Both atelectasis and fibrosis may decrease pulmonary compliance in patients with acute respiratory distress syndrome (ARDS) [1]. Together with hypoxic pulmonary vasoconstriction they may increase pulmonary vascular resistance and cause pulmonary hypertension. ARDS may thus lead to an acute cor pulmonale [2]. Right ventricular dysfunction occurs in 61% of patients with ARDS submitted to mechanical ventilation using conventional tidal volumes [3]. It is estimated to be present in only 25% of patients with ARDS submitted to mechanical ventilation using lower tidal volumes [4].

N–terminal proB–type natriuretic peptide (NT–proBNP) is secreted by the ventricles of the heart in response to excessive stretching of heart muscle cells [5]. Although the right ventricle secretes less NT–proBNP than the left ventricle [5, 6] serum levels of NT–proBNP can be elevated in patients with an acute cor pulmonale due to ARDS [7, 8]. Notably, stretching of heart muscle cells could also be the result of fluid overload, frequently seen in patients with ARDS. In addition, NT–proBNP levels can be elevated due to kidney failure [9] and elevated levels are seen in patients with acute brain injury [10].

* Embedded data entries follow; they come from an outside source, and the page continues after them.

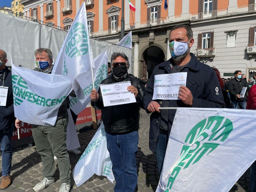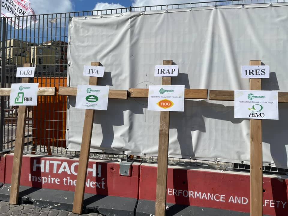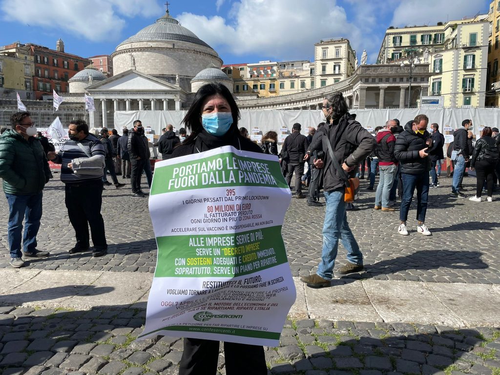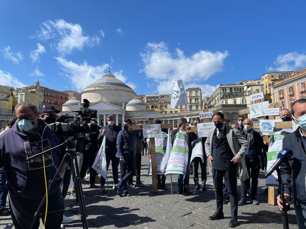 Il mondo delle imprese campane rappresentato da Confesercenti regionale è sceso in piazza del Plebiscito questa mattina, esponendo delle croci, “simbolo della disperazione di ciascun settore commerciale, ormai alla resa a causa della pandemia e del sostegno scarso, inadeguato e intempestivo dei vari Governi”, si legge in una nota.
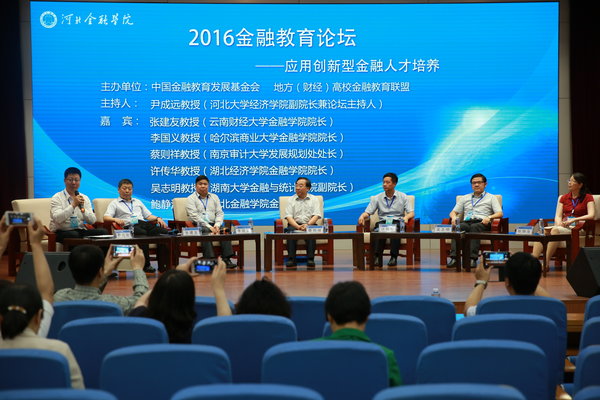 28日下午,在2016金融教育交流座談會上,云南財經大學金融學院院長張建友、哈爾濱商業大學金融學院院長李國義、南京審計大學發展規劃處處長蔡則祥、湖北經濟學院金融學院院長許傳華、湖南大學金融與統計學院副院長吳志明、河北金融學院金融系主任鮑靜海等6位嘉賓各抒己見,相互啟發,圍繞經濟新常態背景下應用型金融人才的培養與創新,結合本校的做法和經驗進行交流,為進一步推動全國高校應用型金融人才培養工作走向深入建言獻策。
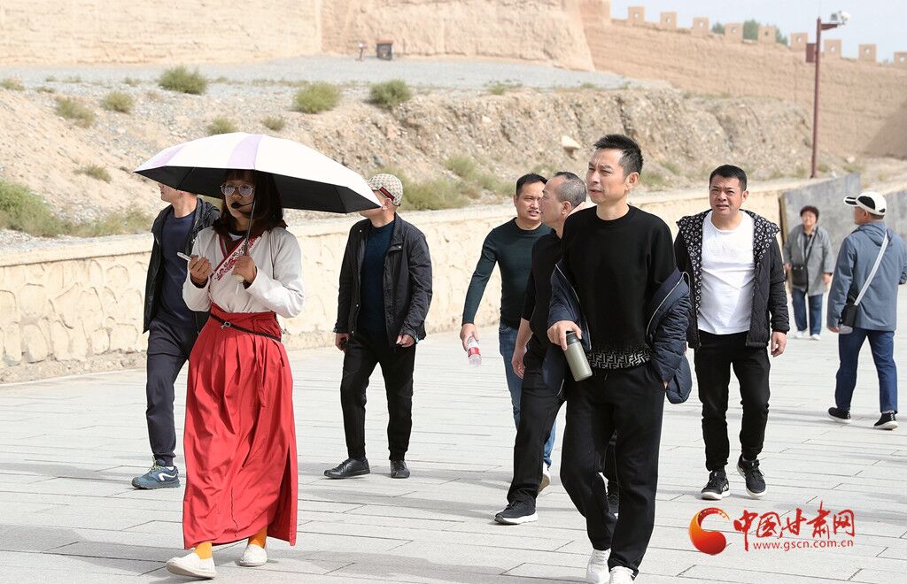 講解員帶領(lǐng)游客體驗嘉峪關(guān)關(guān)城
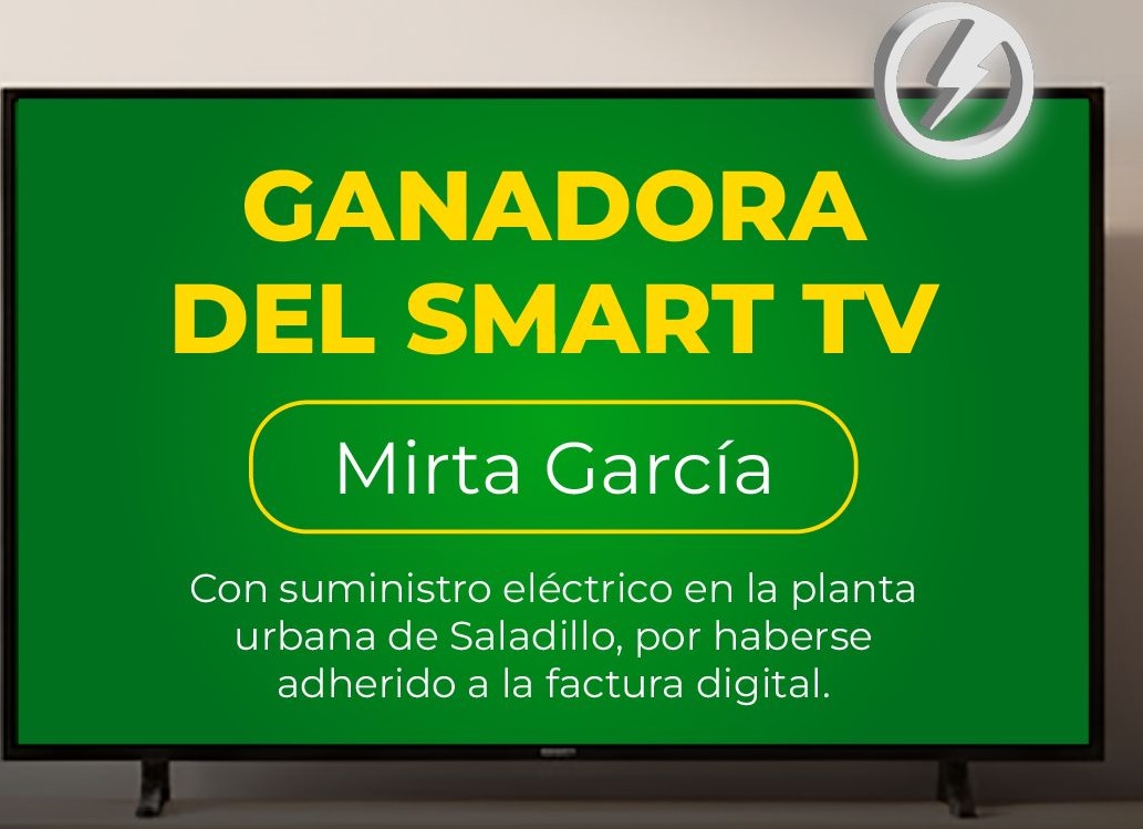 Mirta García, con suministro eléctrico en la planta urbana de Saladillo, fue la ganadora del Smart por haberse adherido a la factura digital.
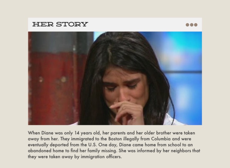 When Diane was only 14 years old, her parents and her older brother were taken away from her. They immigrated to the Boston illegally from Columbia and were eventually deported from the U.S. One day, Diane came home from school to an abandoned home to find her family missing. She was informed by her neighbors that they were taken away by immigration officers.
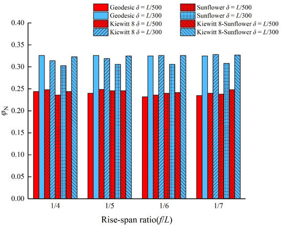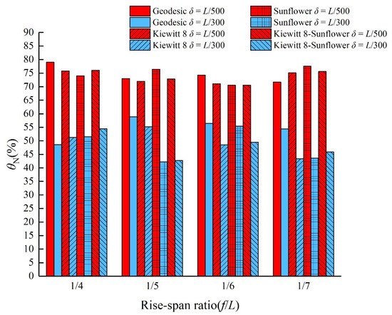 It is clear in Table 3 that when the IGDM is less than L/500, with the increase in the IGDM, the decrease in the MAS with percentage and the increase in the MAS with RBA are slow. While after the IGDM is greater than L/500, with the increase in the IGDM, the drop of the MAS with percentage and the rise in the MAS with RBA are sharp. It indicates that with the rise in the IGDM, the SFS at SCS changes from the film internal force to the bending internal force. In this paper, the dual-control principle is proposed to judge the SFS at the SCS. To be specific, when the average of the percentage of MAS to the effective member is larger than 0.70, and meanwhile, in these members, the average of RBA is not larger than 0.25, and the SFS is dominated by the film internal force. As it is mentioned in Section 4.1, the SFS of the reticulated shell can be interpreted to be dominated by either the internal film force or bending moment, depending on the percentage of the MAS member (namely, the value of θN in Equation (30)). When considering the allowed IGDM for the reticulated shell in practical engineering, it is safe to control the SFS of the structure to perform as an internal film force. As it is illustrated in Table 3, before the IGDM δ reaches the L/500, the θN for all the four types of reticulated shell structures (Geodesic, Kiewitt 8, Sunflower, and K8-Sunflower) decreases steadily and the value of it remains beyond 70%. After that, the value of θN drops remarkably with the rise in IGDM δ, and its value falls beneath 50%, and to 20% finally. This means that the SFS of the shell structure changes to be dominated by the bending moment.
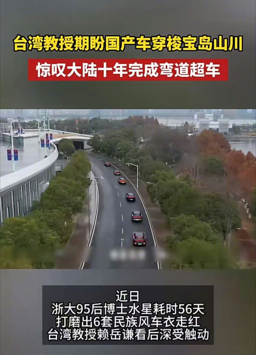 台湾教授惊叹大陆十年完成弯道超车,国产新能源确实是抓住了这一波契机,得益于提前布局,还有这几年的发展迅速,再加上逐渐走向海外,赢得广泛好评!期待国产新能源早日驶入台湾!台湾教授惊叹大陆十年完成弯道超车台湾教授称期盼国产车穿梭宝岛山川
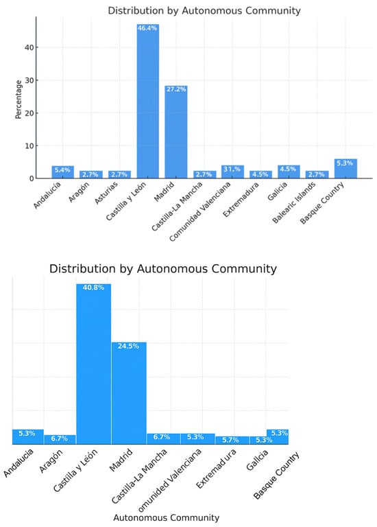 As illustrated in Figure 3, most of the responses come from Castilla y León (46.43%), followed by the Community of Madrid (27.23%). The remaining communities are represented in minority proportions, which shows a significant territorial concentration in the centre-north of the country.
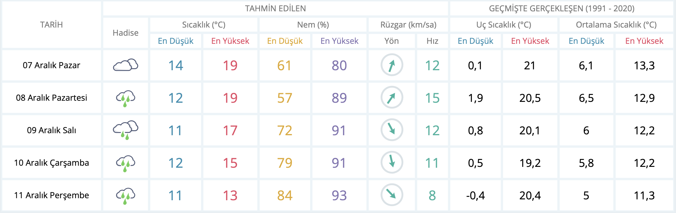 7 Aralık Pazar günü kent genelinde çok bulutlu bir hava beklenirken sıcaklıklar 14–19 derece aralığında seyredecek.
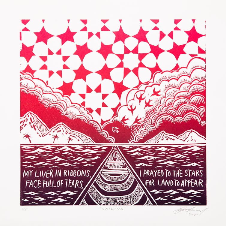 This sea surrounding it is the sea-road taken by his ancestors, the Perahu people, to Arnhem Land in the 1700s in search of the sea cucumber, a trade that linked Aboriginal Yolngu Country to Asia. With uncanny timing Omar Musa brings his Australian identity back to Borneo, re-inventing, reversing and re-creating old connections.
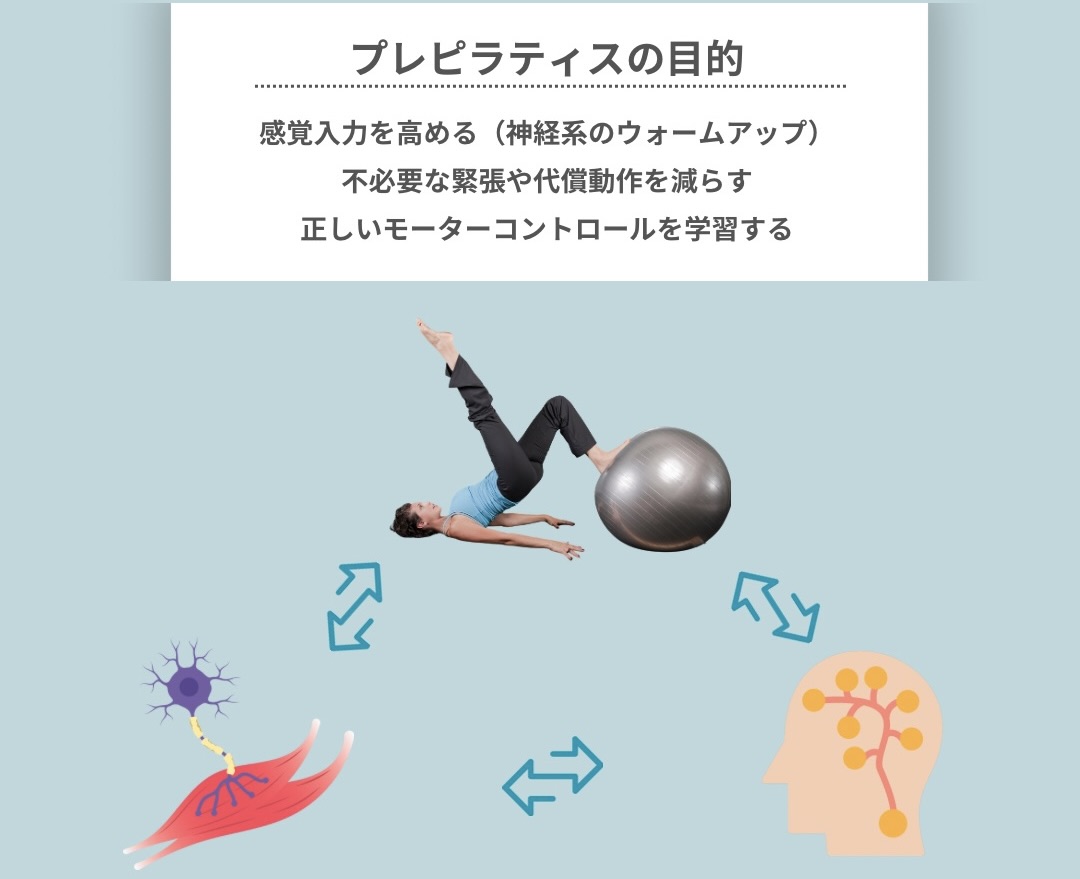 プレピラティスとは、ピラティスエクササイズを行う前に、入れる前座エクササイズ。
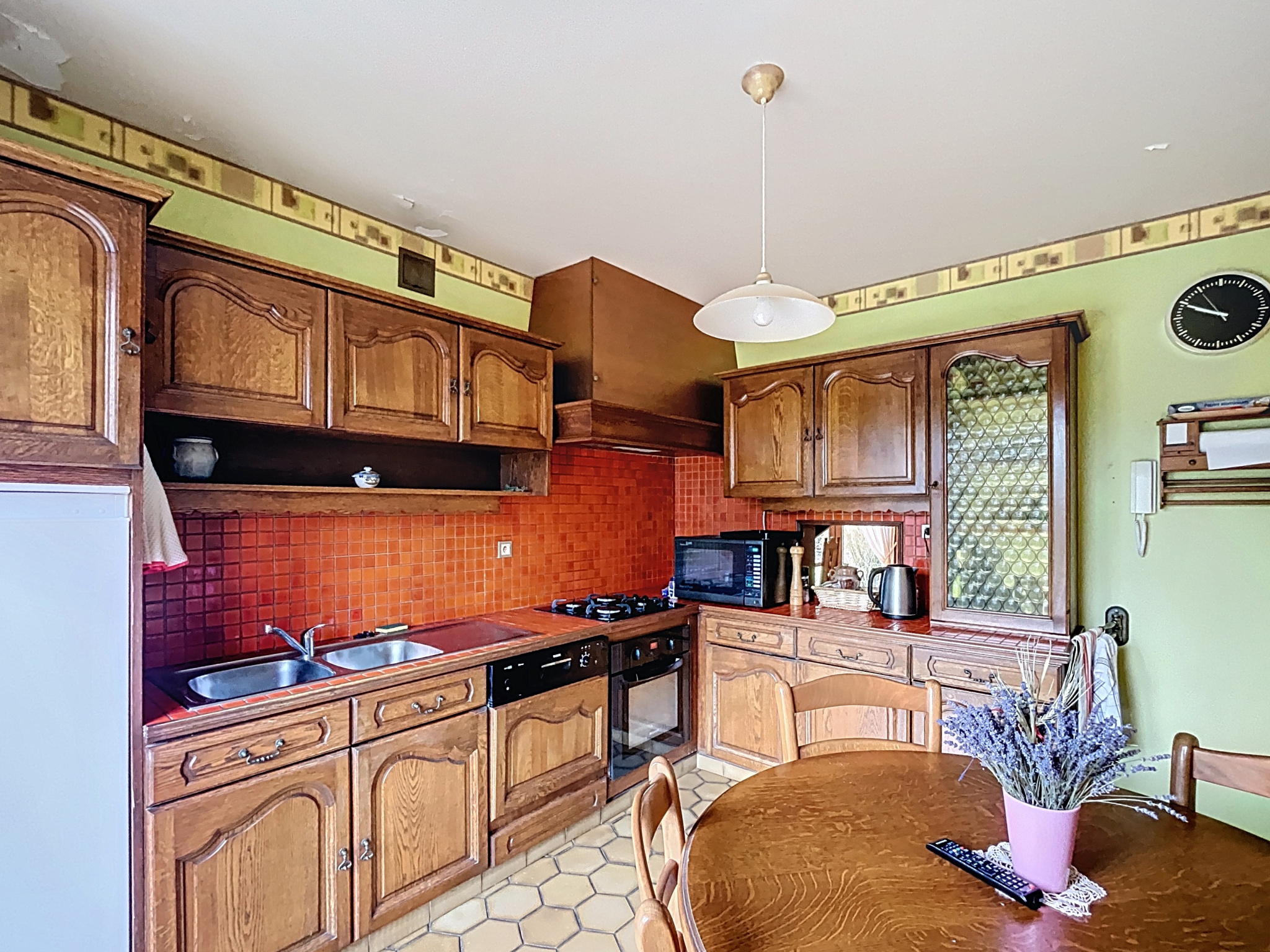- Cuisine (10,49m2) : carrelage, cuisine chêne avec éléments de rangement haute et bas, four, plaque, lavabo double bac, convecteur, porte-fenêtre ;
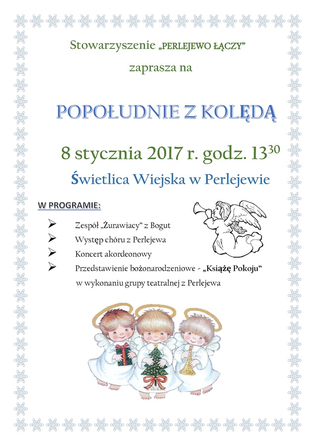 Stowarzyszenie "Perlejewo Łączy" zaprasza na występy bożonarodzeniowe. Tytuł wydarzenia - "Popołudnie z kolędą".
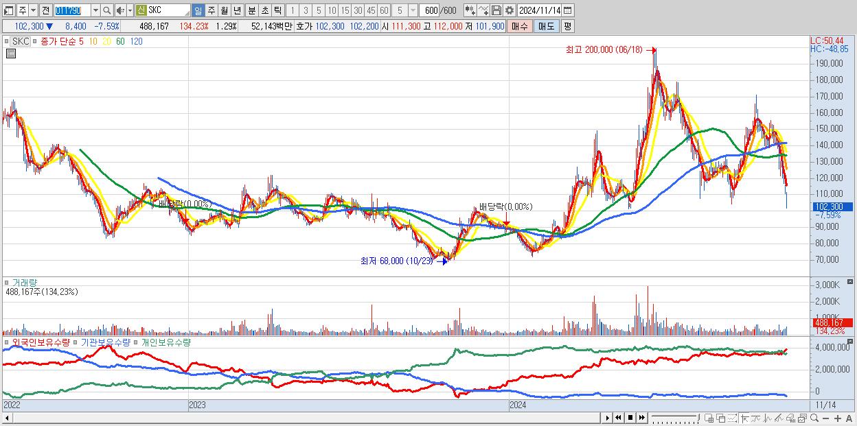 - SKC (102,300원 ▼ -7.59% , 시총: 38,739억, 외국인 순매수 거래금:44억)
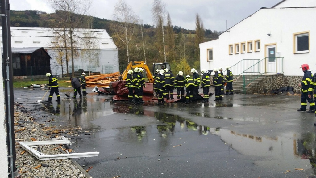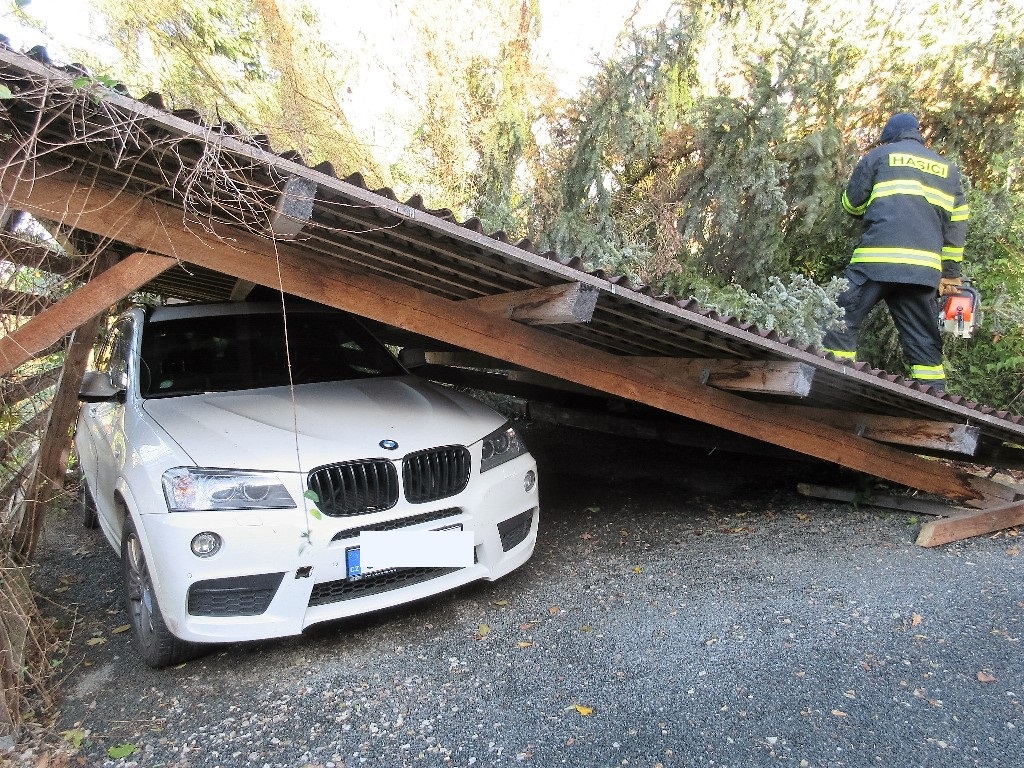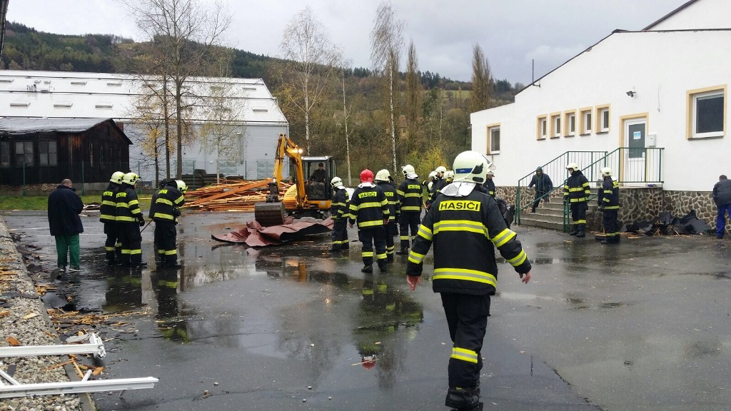 Vítr na mnoha místech po kraji poškodil střechy budov. Hasiči zajišťovali uvolněné plechy například v Plzni na Borech, v Čechurově, na Doubravce, na náměstí Milady Horákové, Rokycanské i v samotném centru,

It can be questioned whether the size of tidal volumes used with mechanical ventilation influences the right ventricular afterload and therefore has an effect on serum levels of NT–proBNP. In the present study we measured levels of NT–proBNP in serial samples taken from patients without ARDS who were randomized to mechanical ventilation with lower tidal volumes or conventional tidal volumes in a previous trial [11]. We hypothesized that conventional tidal volumes may lead to increased pulmonary vascular resistance as the incidence or ARDS is higher compared to lower tidal volumes [11]. In this way, increased pulmonary vascular resistance may lead to increased stretching of the right ventricle and therefore increased NT-proBNP levels. To investigate this possibility we studied the relation between tidal volumes and NT–proBNP levels. The purpose of this study was (a) to investigate whether serum levels of NT–proBNP are dependent on tidal volume size in patients without ARDS, and (b) serum levels of NT–proBNP to increase parallel to severity of lung injury, when controlling for acute kidney injury, cumulative fluid balance and presence of brain injury.

Methods

The original trial was approved by the medical ethics committee of the Academic Medical Center, Amsterdam, The Netherlands, and registered at the Netherlands Trial Register (http://www.trialregister.nl; NTR151)[11]. Informed consent was acquired from patient or their closest representative prior to inclusion. Measurement of levels of NT–proBNP in stored samples was preplanned; there was no need to ask for additional informed consent.

Patients

Patients without ARDS and an anticipated duration of mechanical ventilation of more than 2 days were eligible for the trial as described previously [11]. Randomization, data and sample collection had to be started within 36 hours of the start of mechanical ventilation. Exclusion criteria were: age under 18 years, participation in other clinical trials, pregnancy, history of severe chronic obstructive pulmonary disease or severe restrictive pulmonary disease, history of pneumectomy or lobectomy, and pulmonary thromboembolism. In the original trial patients were randomized to either mechanical ventilation with conventional tidal volumes (10 ml/kg) or lower tidal volumes (6 ml/kg) until they were weaned from the ventilator.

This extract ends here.